:: WORK ITEM ::
Look through the data below and output, unchanged, every line from the one holding "1 Second Weight" through the one holding "cantareata din Cehia", inclusive. Skip the pictures.
### TASK DATA
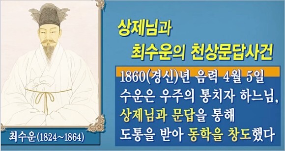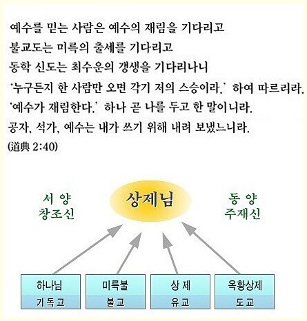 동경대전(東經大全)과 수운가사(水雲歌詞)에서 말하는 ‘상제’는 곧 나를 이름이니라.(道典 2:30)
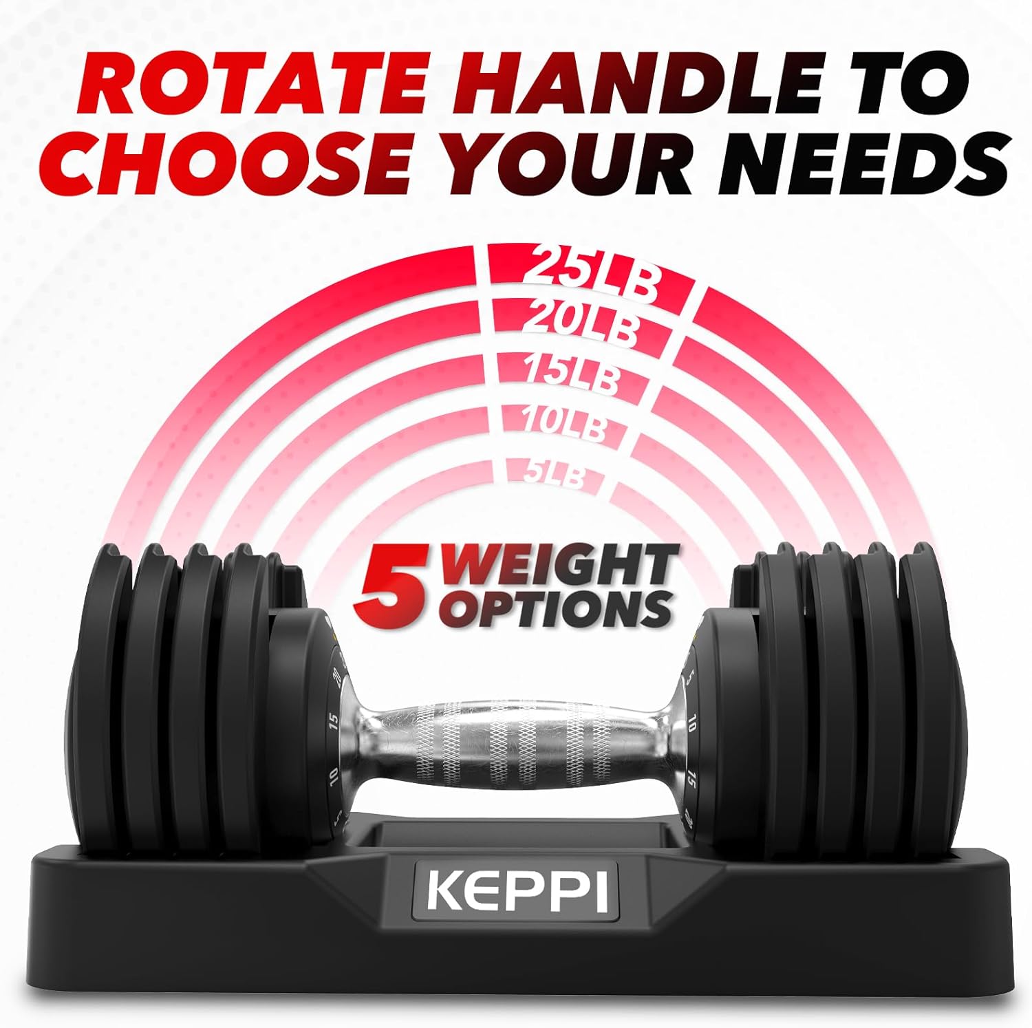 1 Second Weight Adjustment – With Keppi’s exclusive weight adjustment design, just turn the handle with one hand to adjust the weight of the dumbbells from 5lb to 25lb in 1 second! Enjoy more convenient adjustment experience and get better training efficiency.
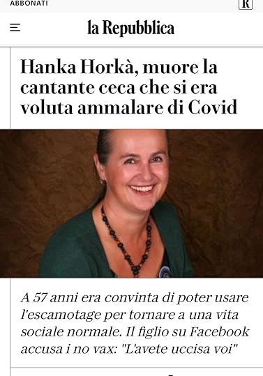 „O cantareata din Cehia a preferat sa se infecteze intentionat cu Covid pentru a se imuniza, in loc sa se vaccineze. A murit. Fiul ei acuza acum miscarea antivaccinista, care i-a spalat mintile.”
######
### TASK DATA
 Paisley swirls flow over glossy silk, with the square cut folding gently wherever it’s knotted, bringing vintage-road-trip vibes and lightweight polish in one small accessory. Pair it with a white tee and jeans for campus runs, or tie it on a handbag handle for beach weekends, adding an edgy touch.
######
:: RESPONSE AREA ::
 1 Second Weight Adjustment – With Keppi’s exclusive weight adjustment design, just turn the handle with one hand to adjust the weight of the dumbbells from 5lb to 25lb in 1 second! Enjoy more convenient adjustment experience and get better training efficiency.
 „O cantareata din Cehia a preferat sa se infecteze intentionat cu Covid pentru a se imuniza, in loc sa se vaccineze. A murit. Fiul ei acuza acum miscarea antivaccinista, care i-a spalat mintile.”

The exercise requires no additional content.